— Не правда ли смешно, что я всегда так громко говорю? — оглядев зал, виновато спросил Макамер.
— Теперь всем посетителям этого заведения стало известно, что у Максины «классная фигура».
Официантка, очень бледная и очень (к двум часам ночи) усталая застучала тарелками, торопливо сгребая их со стола.
— По-моему, ты прекрасно проводишь время, — сказал Макамер. — Она ведь заставляет тебя смеяться, не так ли?
— Да, она меня смешит, — согласился Датчер.
Появились Долли и Максина. Датчер следил за тем, как Максина шагает между столиками, как колышется рыжий мех на её костюме и как все посетители мужчины провожают её глазами. Костюм, подумал Датчер, узок ей не меньше, чем на полдюйма, — причем во всех направлениях. Готов держать пари, что все её остальные наряды тоже сшиты в обтяжку, и малы ей, по крайней мере, на полдюйма. Даже пеньюары.
— Вы знаете, о чем я думаю? — спросил Датчер, когда Максина заняла место за столиком.
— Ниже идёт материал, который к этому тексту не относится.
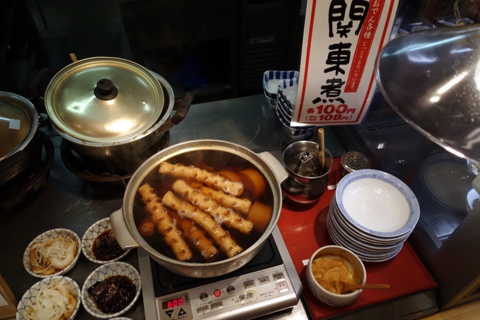 会热的只有饭麵汤跟关东煮,一个才108円挺便宜的,看那竹轮超大的说。
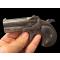 excellent derringer remingtonnmodele tardif. fabrication UMC. 2 coups calibre 41 rimfire. reste de bleu brillant sur canon le reste virant tabac. excellent canon. OREILLES NON FENDUES. une plaquette avec un fêlé est réparée. très bel état général.
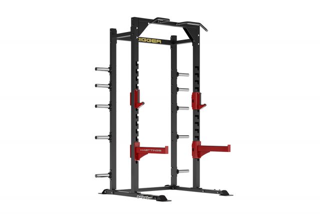 Кронштейны для поддержки грифов легко перемещаются вверх-вниз по раме, в зависимости от роста и потребностей спортсмена. Адаптеры для хранения дисков располагаются на различных уровнях, что позволяет быстро добавить или снизить вес снаряда. Свободная конструкция рамы позволяет установить скамейку для выполнения упражнений «жим лежа» и «жим сидя». Также рама снабжена обрезиненным турником для выполнения подтягиваний или иных упражнений.
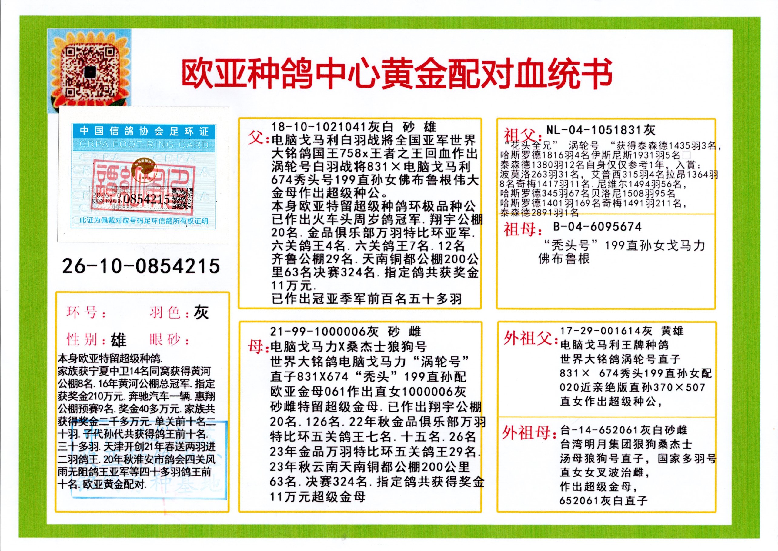 24年秋南京特比环欧亚荣获大团体冠军.小团体冠军551公里大特比13名.14名.16名.19名.20名.21名.24名.26名.27名.28名.42名.52名.54名.57名.65名.66名.68名.70名.71名.72名.74名.76名.80名.82名.83名.84名.85名.86名.90名.92名.110名.116名.121名.122名.128名.131名.158名.161名.164名.165名.166名.172名.174名.177名.182名.195名.196名.201名.205名.208名.210名.216名.253名.269名.275名.276名.294名.296名.299名,,24年秋云南天南铜都公棚决赛415名.天南铜都小棚决赛409名.云南玉活公棚决赛102名.490名.团体32名上笼二羽进二羽,天南铜都大棚506公里决赛445名。热烈祝贺河北省巨鹿县李兰生老师用欧亚泰山号血系连续十一年夺冠军,河北省国家赛冠军.全国季军等多次前十名高位,扬州王军王总用欧亚利奥24年春季获山东翔宇公棚决赛33名盖比53名。南京刘正龙刘总用欧亚盖比获得24年秋山东潍坊国际公棚决赛42名.精英赛30名.三关鸽王71名.决赛86名.加站赛16名.南京市特比环A组鸽王9名.B组鸽王5名.6名.C组鸽王5名.精英赛冠军4名.技能赛A组冠军4名.5名.秦淮区特比环荣获15名.46名.48名.87名。四川西昌徐亮徐总用欧亚利奥获得凉山州聚友决赛177名.第二关亚军双关鸽王19名.三关鸽王105名.云南豪庭公棚决赛603名。热烈祝贺24年四川重庆翔园鸽舍用欧亚泰山号荣获春季400公里冠军.秋季500公里冠军,河北王总用詹森X利奥获得千羽千翔公棚400公里冠军,广东蔡楷焕荣获24年秋爱好者 赛鸽俱乐部三关鸽王季军.一关420公里99名.二关450公里11名.三关520公里32名.单关季军.7名.12名,江西李卫兴荣获贵州红枫公棚8名.共翔俱乐部寄养棚四关综合鸽王30名.一关400公里78名.二关500公里55名.三关520公里37名.四关500公里57名.同父母获公棚18名.雷鸣获得武汉黄浦育翔中心冠军,四川陈文获得四川明鸿俱乐部300公里梦幻2名.3名.4名.9名.10名.13名.14名.15名.31名.34名.40名.41名.42名.43名.69名.71名.72名.73名.74名.94名.95名.97名.98名.99名.419公里决赛荣获总冠军7名.总共归巢9羽,四川徐亮获豪庭决赛603名,山西郑勇获得山西泰鑫公棚决赛255名詹森红狐,热烈祝贺马总获得开尔(飞跃队)决赛9名获奖金1310000万元.第一关52名,天津津福资赛180公里96名.获奖金429543万元,欧亚支持全国鸽友24年秋多人报喜 祝大家取得更好成绩,给欧亚报喜鸽友欧亚决定给每人赠送一羽超级种鸽。欧亚俱乐部特比环多关鸽王成绩:15年秋淮安特比环黑色星期一全会上笼9700多羽,当天无鸽归巢,第二天全会归巢357羽,本舍归巢158羽.前十名八羽.前一百名归巢57羽,16年春季获五关鸽王总冠军,总亚军四名.六名.七名.九名.十名.晶艺俱乐部520公里冠亚季军5名.6名.7名.9名.11名等,火车头冠军.季军6名.8名.9名.10名,16年秋晶艺俱乐部特比环520公里亚军.季军4名.6名.7名.9名,15年春南京白下特比环冠军.亚军.季军6名.7名.8名.9名.10名.指定鸽A B组获得冠军.亚军.季军4名.5名.,17年淮安特比环亚军.4名.5名.7名.8名.10名.六关鸽王总冠军.4名.6名.9名.10名,寄养棚宿迁刘总20羽特比环获冠军.季军.4名.7名.8名.9名等。18年荣获万羽特比环六关鸽王总冠军.总亚军.总季军.6名.8名.十名.单关四羽冠军.二羽亚军.四羽季军.前十名27羽。19年秋万羽特比环六关鸽王总亚军.总季军.5名.8名等,单关二羽冠军.三羽亚军.一羽季军前十名31羽。20年秋淮安市鸽会四关特比环大赛风雨无阻鸽王亚军.鸽王六名,金品俱乐部万羽特比环六关鸽王总冠军,总亚军.四名.五名.六名.七名.八名.十名.前二百名鸽王35羽,单关冠亚季军前十名四十多羽,火车头五关鸽王季军.六名.八名.前二百名鸽王十七羽。20年春荣获淮安五区一市四关鸽王总冠军.亚军.四名.八名.九名。21年秋荣获金品万羽特比环大赛六关鸽王总亚军.总季军.四名.七名.九名.十名.单关冠亚军季军前十名三十多羽。火车头协会鸽王六名.七名.十名.单关前十名十七羽。22年秋荣获鸽王总冠军.总亚军.5名.7名.8名.9名.11名.单关冠亚季军前十名三十多羽,第一关单关前二百名四十多羽,第二关前二百名三十多羽,第三关前二百名四十多羽,第四关前二百名四十多羽,第五关前一百名53羽。23年秋荣获鸽王季军.五名.八名.十名.13名.17名.20名.27名等多羽鸽王.单关前十名二十多羽。公棚.寄养棚部分成绩:16年秋宁夏黄河公棚总冠军电脑戈马力指定通炮冠军,17年送八羽参赛获得鸽王八名进奖四名,支持韩总荣获八名。支持鸽友荣获宁夏中卫公棚决赛总冠军.精英赛冠军,支持18年宁夏黄河公棚决赛冠军詹森X泰山。安徽鼎博寄养棚院内外四关鸽王总冠军.鸽王十七名.三十七名同窝,鸽王39名.42名.58名.67名。18年山东公棚预赛冠军.决赛65名.送八羽进奖五羽.指定获奔驰汽车一辆。支持鸽友获得云南蓝云公棚冠军.盖比X佛卡门。支持鸽友荣获云南银集公棚决赛冠军 詹森427X520血系 速度赛6700羽冠军。17年荣获金马俱乐部寄养棚四关鸽王总冠军.季军.六名.八名.第一关冠军.亚军.季军四名.七名.十一名.金牌教练奖。支持鸽友18年北京费翔公棚预赛九名电脑X桑杰士,支持鸽友荣获陕西威力公棚决赛11名.内蒙古临河寄养棚四关鸽王六名.詹森配泰山,支持河北王总用欧亚詹森427配胡本喜获20年秋开尔青年棚季军。云南东荣公棚16年预赛冠军.决赛77名.17年决赛12名.詹森红狐X泰山,17年平安公棚决赛4名 詹森427。欧亚获得21年金母寄养棚第一关四名.第二关5名.第三关5名.6名.7名.10名.三关鸽王总冠军,四关鸽王14名.十羽鸽王。支持河

— О чем же? — полюбопытствовала свеженапудренная и свежеподкрашенная Максина.
— О ваших пеньюарах.
— По-моему, говорить вслух об этом неприлично, — сурово произнесла она.
— Датчер — ужасно вульгарный человек, — вмешался Макамер. — Ты убедишься в этом, прочитав его книги.
— Англичане, — заметила Максина, — только что объявили войну немцам. Нам об этом сказала какая-то женщина в туалете.
Так вот, значит, каким образом я узнал об этом, подумал Датчер. В туалете подозрительного заведения Сан-Диего какая-то женщина сообщила увлекавшейся вином актрисе из компании «Рипаблик» о том, что Англия объявила войну Германии. А актриса, в свою очередь, сказала об этом мне.
— Эта вилка — грязная, — громко заявила Максина официантке, раскладывавшей заказанные ими вафли по тарелкам. — Это надо же иметь нахальство давать нам грязные вилки!
Официантка со вздохом подала чистую вилку.
— Если дать им волю, — не успокаивалась Максина, — то они пойдут на убийство.
Оглядев зал, Датчер видел, как посетители намазывают на вафли сливочное масло и поливают их сиропом. Он не замечал никаких изменений в поведении. Обычный ресторанный шум — голоса и стук тарелок.
— Вафли никуда не годится, — сказала Максина. — Таково, по крайней мере, мое мнение. И они ещё смеют объявлять их своим фирменным блюдом. Тоже мне, Сан-Диего!
Датчер, чтобы успокоить девушку, положил нежно ладонь на её руку.
— У вас рука поденщика, — сказала Максина. — Вы что, забиваете ею гвозди?
— Постыдное наследие бездарно растраченной молодости, — ответил Датчер.
Девушка подняла руку Датчера и принялась внимательно изучать ладонь.
— Линия сердца у вас имеет массу ответвлений, — сказала она.
— Поведайте ещё что-нибудь, — попросил Датчер.
— Вы человек непостоянный, ревнивый и эгоистичный, — серьезно произнесла Максина, склонившись над его ладонью. — И, по большому счету, успеха вы не добьетесь.
— Вот это да! — восхитилась Долли.
— Еще! — потребовал Датчер.
— Ваше настроение часто меняется, — откликнулась Максина, водя пальчиком по его ладони. — И вы человек настроения.
— Людей более неровных, чем я, не было и нет, — улыбнулся Датчер.
— У вас короткая линия жизни.
— Весьма благодарен, — мрачно произнес Датчер, отнимая руку и все ещё ощущая на ладони многообещающее прикосновение её пальца. — Теперь я полностью просвещен на свой счет, и очень рад, что прихватил вас с собой в Сан-Диего.
— Всё это начертано на вашей ладони, — воинственным тоном сказала Максина. — И не я нанесла эти линии, — добавила она, стягивая потуже воротник вокруг шеи. — А теперь уходим из этого заведения.
Девушка поднялась и направилась к двери. Все мужчины снова проводили её взглядом.
— Ты не её тип, — прошептала Долли на ухо Датчеру. — Она сказала мне это в туалете. Ты ей нравишься, но ты не её тип.
— Хироманты меня вообще почему-то не любят, — пожимая плечами, сказал Датчер. — Я это давно заметил.
Он догнал Максину и взял под локоть. Дальше к машине они шли вместе.
— Сейчас, — начал он, — мы подходим к весьма деликатному вопросу. Мы, хмм… Нам предстоит остановиться в отеле… и… я…
— Мне нужен отдельный номер, — твердо сказала Максина.
— Я просто хотел спросить, — пожал плечами Датчер.